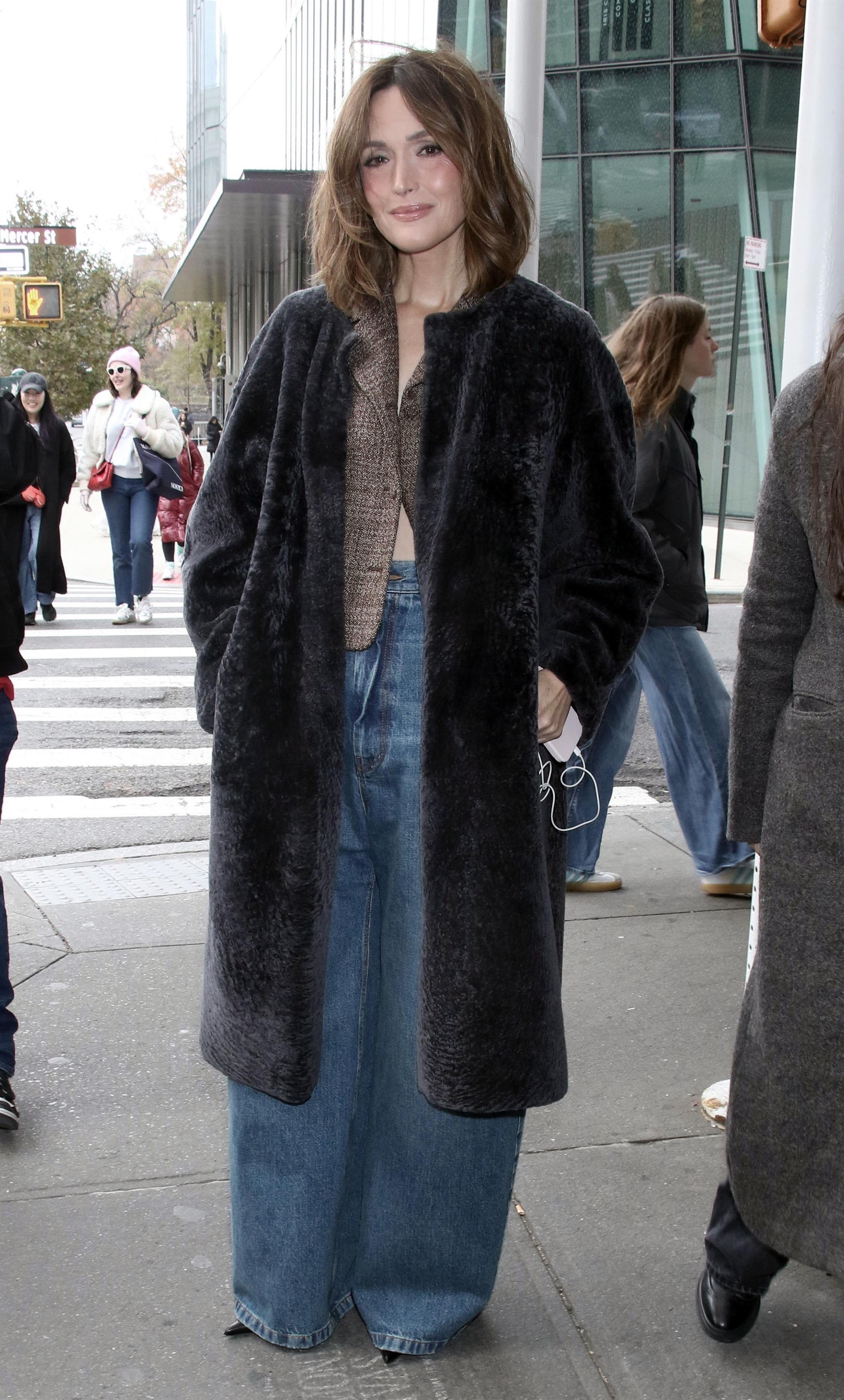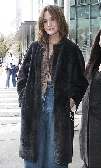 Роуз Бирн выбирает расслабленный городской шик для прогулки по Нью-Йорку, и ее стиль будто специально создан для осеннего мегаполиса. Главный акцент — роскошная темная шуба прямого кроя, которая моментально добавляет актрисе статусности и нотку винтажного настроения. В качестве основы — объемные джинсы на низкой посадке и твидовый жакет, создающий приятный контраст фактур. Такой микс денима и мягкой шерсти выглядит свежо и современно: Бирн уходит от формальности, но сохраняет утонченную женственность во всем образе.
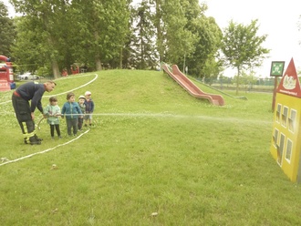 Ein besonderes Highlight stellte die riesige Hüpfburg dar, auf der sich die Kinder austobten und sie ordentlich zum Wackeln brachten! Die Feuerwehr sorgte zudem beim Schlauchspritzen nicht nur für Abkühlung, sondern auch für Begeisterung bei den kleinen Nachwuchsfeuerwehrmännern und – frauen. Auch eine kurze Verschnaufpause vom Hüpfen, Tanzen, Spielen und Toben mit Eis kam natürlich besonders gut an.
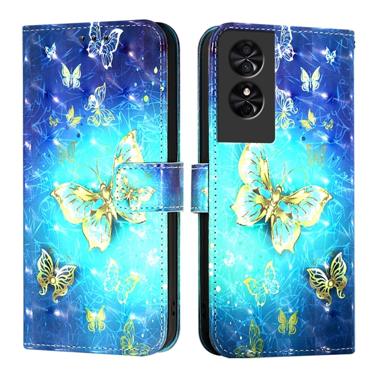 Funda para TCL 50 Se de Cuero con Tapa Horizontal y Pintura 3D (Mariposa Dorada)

● Work item:
Working from the line with "Ein besonderes Highlight" to the last line of the material above, repeat each line exactly and leave out the pictures.

● Output of the exercise:
 Ein besonderes Highlight stellte die riesige Hüpfburg dar, auf der sich die Kinder austobten und sie ordentlich zum Wackeln brachten! Die Feuerwehr sorgte zudem beim Schlauchspritzen nicht nur für Abkühlung, sondern auch für Begeisterung bei den kleinen Nachwuchsfeuerwehrmännern und – frauen. Auch eine kurze Verschnaufpause vom Hüpfen, Tanzen, Spielen und Toben mit Eis kam natürlich besonders gut an.
 Funda para TCL 50 Se de Cuero con Tapa Horizontal y Pintura 3D (Mariposa Dorada)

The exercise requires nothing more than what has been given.